The main results were obtained in mathematical theory of image analysis: descriptive image algebras with one ring were defined, classified and investigated; a new topological image formalization space was specified and investigated; descriptive generating trees were defined, classified and investigated. Listed results were applied in bio-medical image analysis.
She is scientific secretary of the National Committee for Pattern Recognition and Image Analysis of the Presidium of the Russian Academy of Sciences. She is a member of the Educational Committee of the International Association for Pattern Recognition. She has been the member of many R&D projects as part of national and international research programs. Member of editorial board of “Pattern Recognition and Image Analysis. Advances in Mathematical Theory and Applications” international journal of the RAS. Author of 77 papers in peer reviewed journals, conference and workshop proceedings.

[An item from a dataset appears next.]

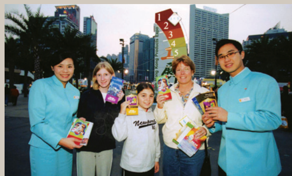
The Tourism Orientation Programme (TOP) raises hospitality standards while training front-line tourism staff

Web of Science: 11 papers; Hirsh index is 4; SCOPUS: 31 papers, 98 citations; Hirsh index is 7; Russian Science Citation Index on the platform of Web of Science: 42 papers; 97 citations; Hirsh index is 7. She was awarded several times for the best young scientist papers presented at the international conferences. Teaching experience: Moscow State Lomonosov University, RF. She was supervisor of several graduate and master students.

Abstract

The study is devoted to mathematical and functional/physical interpretation of image analysis and processing operations used as sets of operations (ring elements) in descriptive image algebras (DIA) with one ring. The main result is the determination and characterization of interpretation domains of DIA operations: image algebras that make it possible to operate with both the main image models and main models of transformation procedures that ensure effective synthesis and realization of the basic procedures involved in the formal description, processing, analysis, and recognition of images. The applicability of DIAs in practice is determined by the realizability—the possibility of interpretation—of its operations. Since DIAs represent an algebraic language for the mathematical description of image processing, analysis, and understanding procedures using image transformation operations and their representations and models, the authors consider an algebraic interpretation. These procedures are formulated and implemented in the form of descriptive algorithmic schemes (DAS), which are correct expressions of the DIA language. The latter are constructed from the processing and transformation of images and other mathematical operations included in the corresponding DIA ring. The mathematical and functional properties of DIA operations are of considerable interest for optimizing procedures of processing and analyzing images and constructing specialized DAS libraries. Since not all mathematical operations have a direct physical equivalent, the construction of an efficient DAS for image analysis involves the problem of interpreting operations for DAS content. Research into this problem leads to the selection and study of interpretation domains of DIA operations. The proposed method for studying the interpretability of DIA operations is based on the establishment of correspondence between the content description of the operation function and its mathematical realization. The main types of interpretability are defined and examples given of the interpretability/uninterpretability of operations of a standard image algebra, which is a restriction of the DIA with one ring.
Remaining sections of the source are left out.